----- INPUT DATA
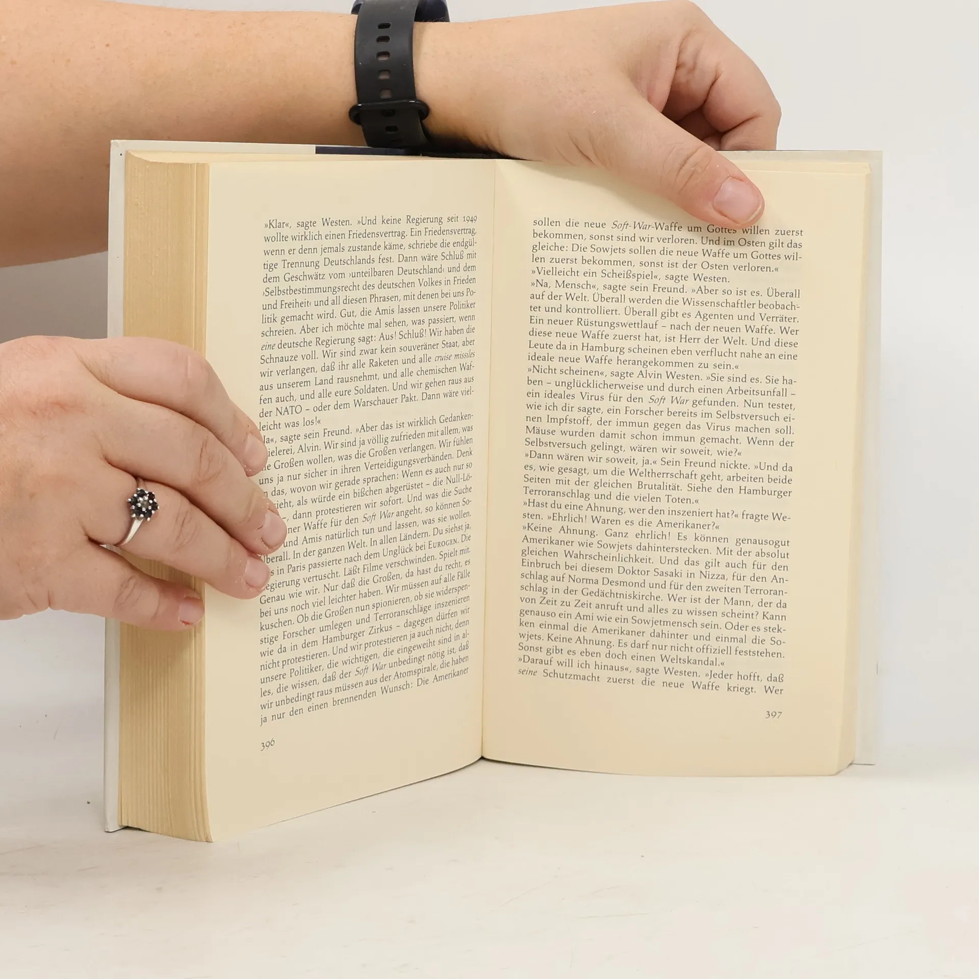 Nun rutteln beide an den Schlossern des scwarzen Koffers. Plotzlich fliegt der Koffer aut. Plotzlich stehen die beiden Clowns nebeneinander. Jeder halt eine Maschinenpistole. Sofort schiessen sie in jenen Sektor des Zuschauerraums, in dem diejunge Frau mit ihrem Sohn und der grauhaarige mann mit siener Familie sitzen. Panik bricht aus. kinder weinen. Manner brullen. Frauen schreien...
----------
----- INPUT DATA
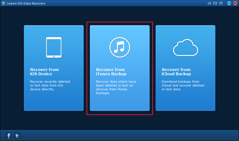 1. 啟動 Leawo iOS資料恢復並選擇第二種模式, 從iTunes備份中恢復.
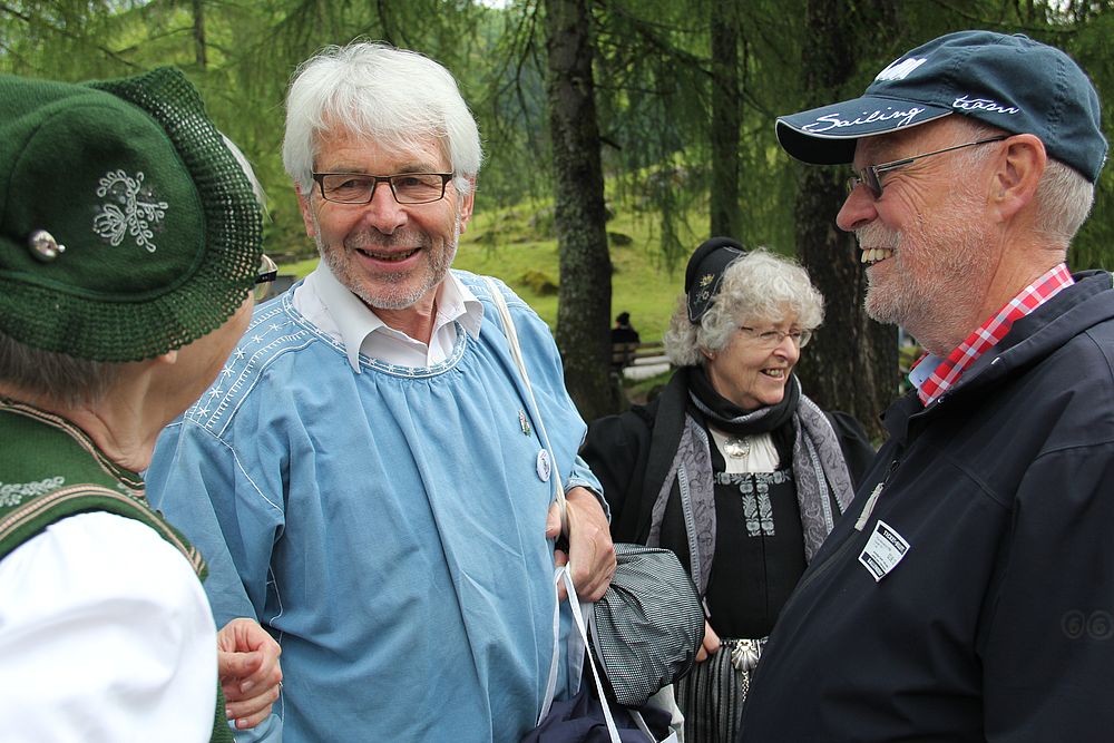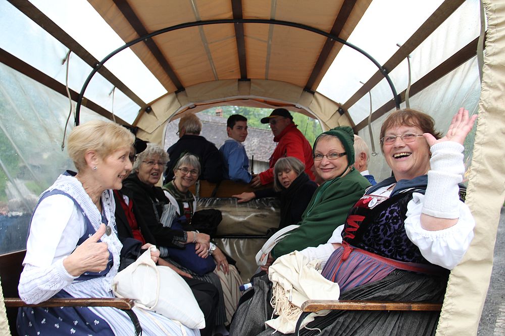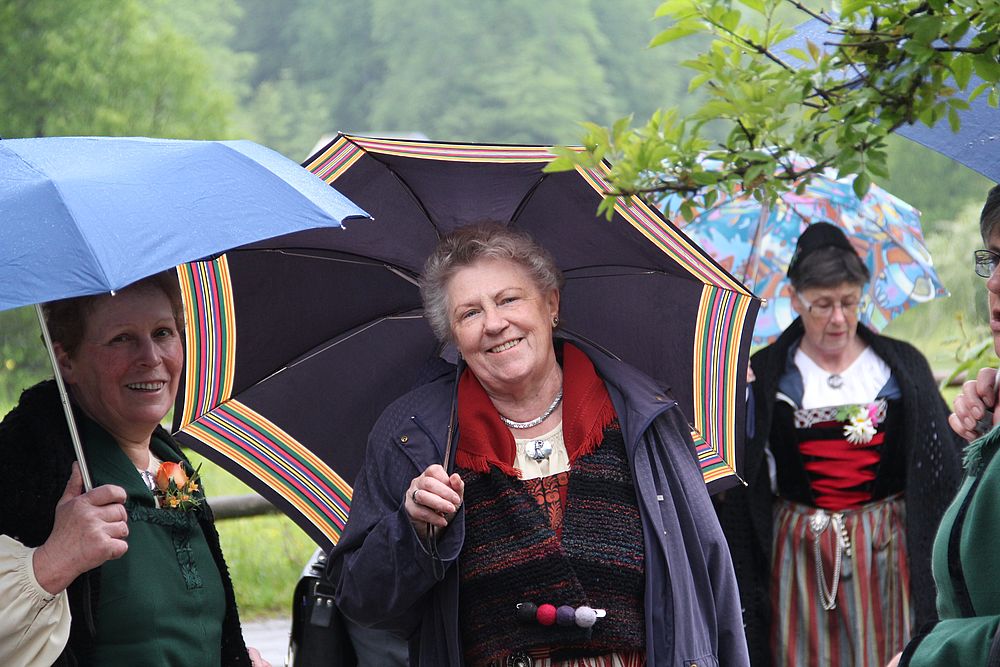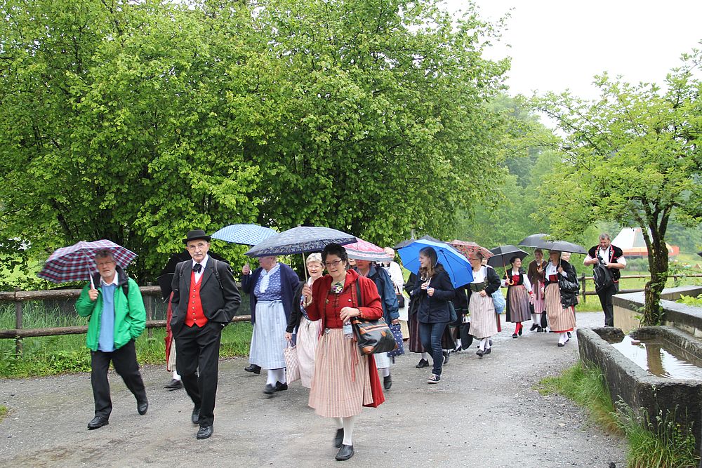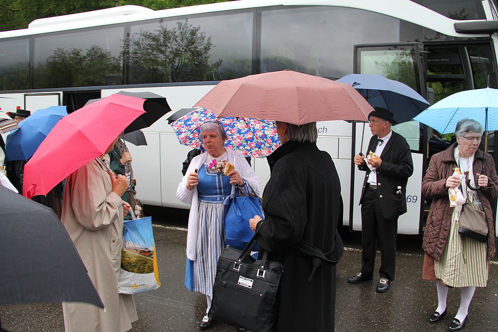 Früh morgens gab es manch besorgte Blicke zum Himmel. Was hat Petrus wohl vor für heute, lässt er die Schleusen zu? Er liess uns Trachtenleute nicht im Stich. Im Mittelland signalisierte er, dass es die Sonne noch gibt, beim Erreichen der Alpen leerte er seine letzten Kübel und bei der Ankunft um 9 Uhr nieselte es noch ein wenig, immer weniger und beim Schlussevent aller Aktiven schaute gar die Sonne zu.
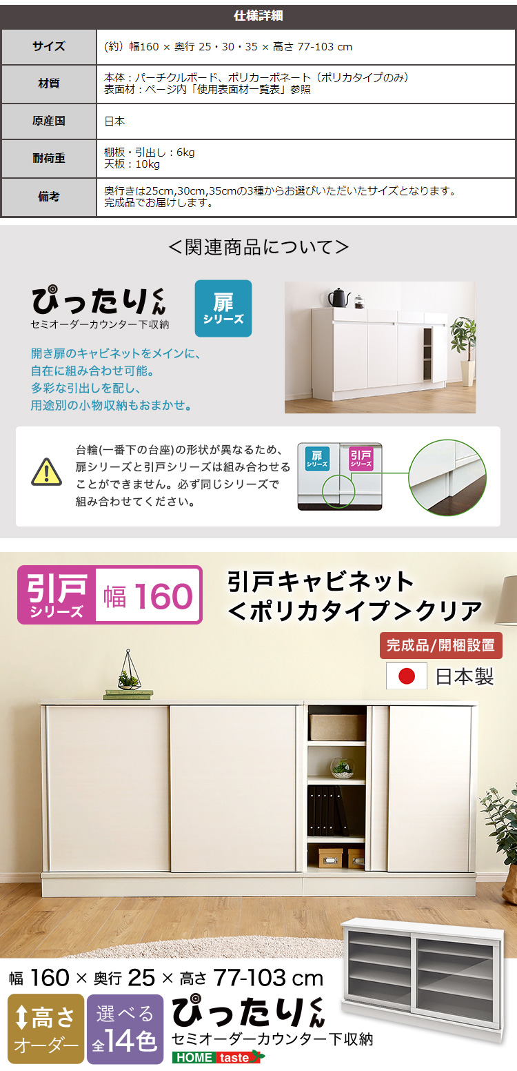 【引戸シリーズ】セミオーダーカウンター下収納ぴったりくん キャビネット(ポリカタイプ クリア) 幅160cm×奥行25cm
----------
== EXERCISE DIRECTIONS ==
Would you restate, exactly and with no pictures, the lines of the entries above from the one containing "1. 啟動 Leawo iOS資料恢復並選擇第二種模式, 從iTunes備份中恢復." through the one containing "キャビネット(ポリカタイプ クリア) 幅160cm×奥行25cm"?

== OUTPUT ==
 1. 啟動 Leawo iOS資料恢復並選擇第二種模式, 從iTunes備份中恢復.
 Früh morgens gab es manch besorgte Blicke zum Himmel. Was hat Petrus wohl vor für heute, lässt er die Schleusen zu? Er liess uns Trachtenleute nicht im Stich. Im Mittelland signalisierte er, dass es die Sonne noch gibt, beim Erreichen der Alpen leerte er seine letzten Kübel und bei der Ankunft um 9 Uhr nieselte es noch ein wenig, immer weniger und beim Schlussevent aller Aktiven schaute gar die Sonne zu.
 【引戸シリーズ】セミオーダーカウンター下収納ぴったりくん キャビネット(ポリカタイプ クリア) 幅160cm×奥行25cm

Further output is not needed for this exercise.